WORK INSTRUCTIONS → Skip the pictures and write out, word for word, the lines below from the one with "Naura Technology 的办公室,这次访问被广泛报道,通常被安排为示意中央政府的支持。" through the one with "Purple Wave is", inclusive.

EXTRACTED MATERIAL →
--- START ---
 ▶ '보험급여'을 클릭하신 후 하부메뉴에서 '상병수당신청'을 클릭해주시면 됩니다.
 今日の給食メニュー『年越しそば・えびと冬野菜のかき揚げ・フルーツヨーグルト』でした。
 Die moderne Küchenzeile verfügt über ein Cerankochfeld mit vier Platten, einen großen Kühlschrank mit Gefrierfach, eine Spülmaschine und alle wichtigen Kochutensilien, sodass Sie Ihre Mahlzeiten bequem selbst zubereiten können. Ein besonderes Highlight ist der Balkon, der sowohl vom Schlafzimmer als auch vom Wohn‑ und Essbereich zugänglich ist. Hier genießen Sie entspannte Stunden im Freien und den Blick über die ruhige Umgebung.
--- END ---
--- START ---
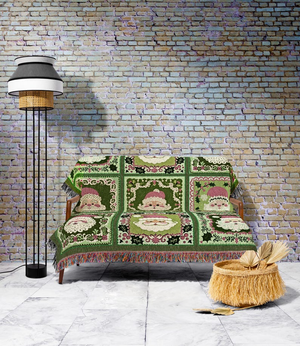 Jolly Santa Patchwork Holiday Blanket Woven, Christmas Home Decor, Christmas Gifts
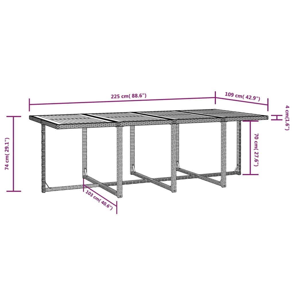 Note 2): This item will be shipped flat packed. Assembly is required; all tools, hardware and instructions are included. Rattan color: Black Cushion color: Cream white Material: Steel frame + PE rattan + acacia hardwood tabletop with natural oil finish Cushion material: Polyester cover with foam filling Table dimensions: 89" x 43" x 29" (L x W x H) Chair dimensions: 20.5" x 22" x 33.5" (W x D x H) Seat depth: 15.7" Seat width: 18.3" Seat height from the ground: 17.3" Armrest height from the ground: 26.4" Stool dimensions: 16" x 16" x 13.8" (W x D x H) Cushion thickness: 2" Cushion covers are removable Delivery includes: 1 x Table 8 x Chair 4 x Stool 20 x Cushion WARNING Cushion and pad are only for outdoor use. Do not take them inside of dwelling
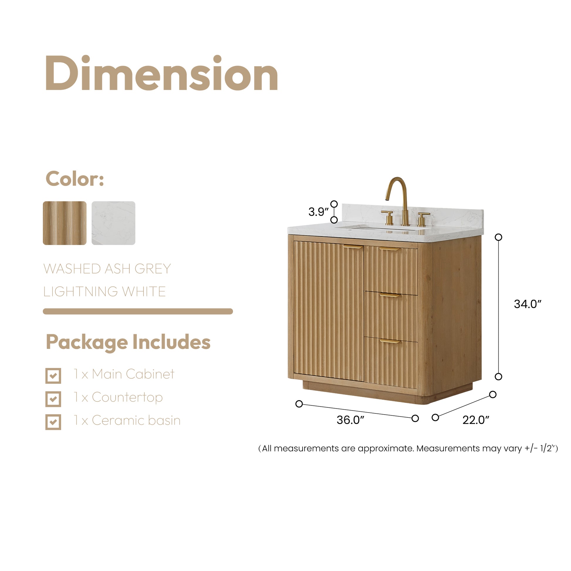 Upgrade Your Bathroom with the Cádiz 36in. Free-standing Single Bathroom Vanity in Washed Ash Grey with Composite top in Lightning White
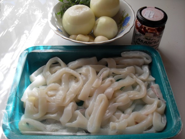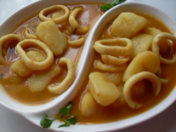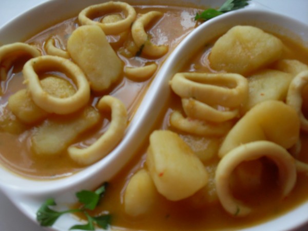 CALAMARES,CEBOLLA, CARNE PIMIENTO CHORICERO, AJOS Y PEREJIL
--- END ---
--- START ---
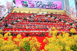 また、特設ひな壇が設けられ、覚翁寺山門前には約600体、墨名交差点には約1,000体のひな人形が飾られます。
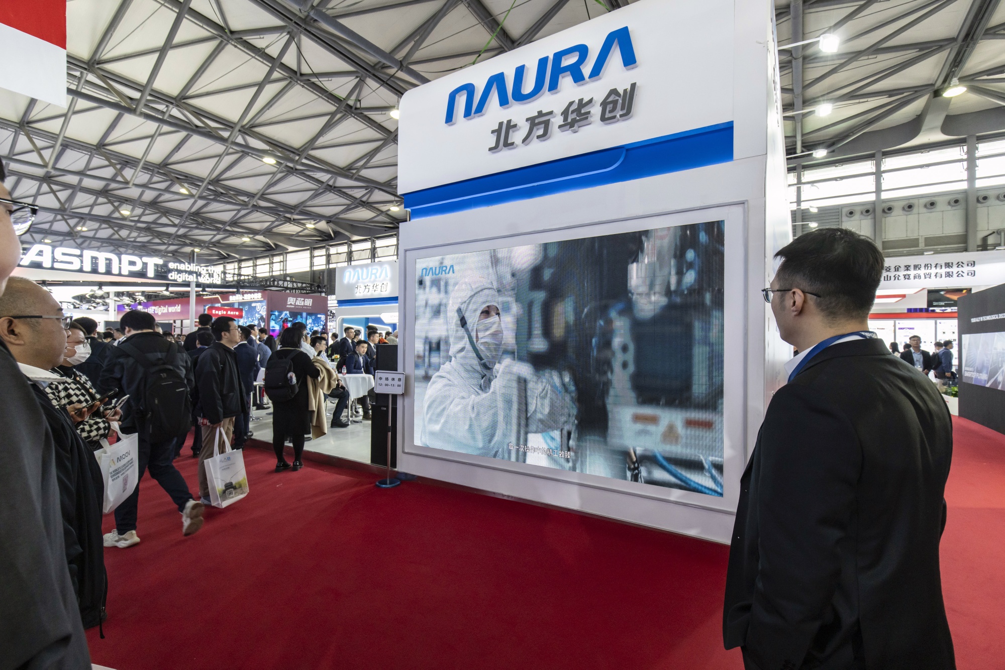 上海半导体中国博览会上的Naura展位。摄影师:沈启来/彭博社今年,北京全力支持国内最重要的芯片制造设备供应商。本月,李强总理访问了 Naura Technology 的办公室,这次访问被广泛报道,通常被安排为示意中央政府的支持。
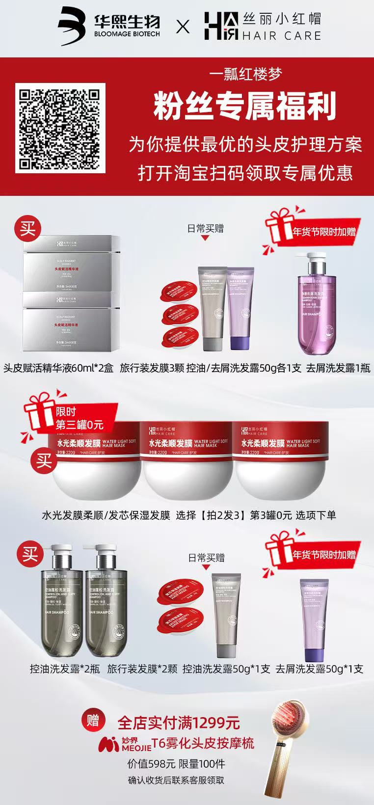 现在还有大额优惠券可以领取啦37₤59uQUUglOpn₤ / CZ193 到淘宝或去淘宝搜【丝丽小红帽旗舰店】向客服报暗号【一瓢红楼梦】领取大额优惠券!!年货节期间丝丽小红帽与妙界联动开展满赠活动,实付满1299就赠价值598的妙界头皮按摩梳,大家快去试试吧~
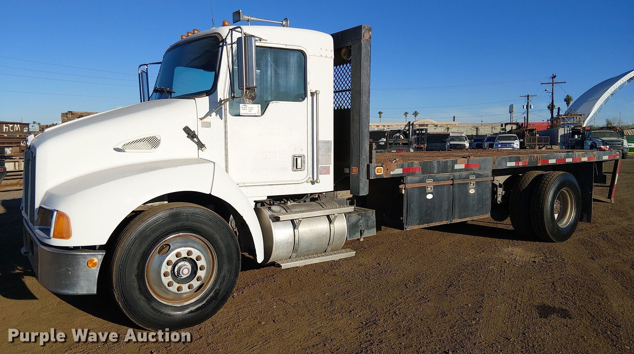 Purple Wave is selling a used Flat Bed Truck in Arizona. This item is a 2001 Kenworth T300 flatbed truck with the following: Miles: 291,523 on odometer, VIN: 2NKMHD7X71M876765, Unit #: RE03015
--- END ---
TASK SOLUTION →
 上海半导体中国博览会上的Naura展位。摄影师:沈启来/彭博社今年,北京全力支持国内最重要的芯片制造设备供应商。本月,李强总理访问了 Naura Technology 的办公室,这次访问被广泛报道,通常被安排为示意中央政府的支持。
 现在还有大额优惠券可以领取啦37₤59uQUUglOpn₤ / CZ193 到淘宝或去淘宝搜【丝丽小红帽旗舰店】向客服报暗号【一瓢红楼梦】领取大额优惠券!!年货节期间丝丽小红帽与妙界联动开展满赠活动,实付满1299就赠价值598的妙界头皮按摩梳,大家快去试试吧~
 Purple Wave is selling a used Flat Bed Truck in Arizona. This item is a 2001 Kenworth T300 flatbed truck with the following: Miles: 291,523 on odometer, VIN: 2NKMHD7X71M876765, Unit #: RE03015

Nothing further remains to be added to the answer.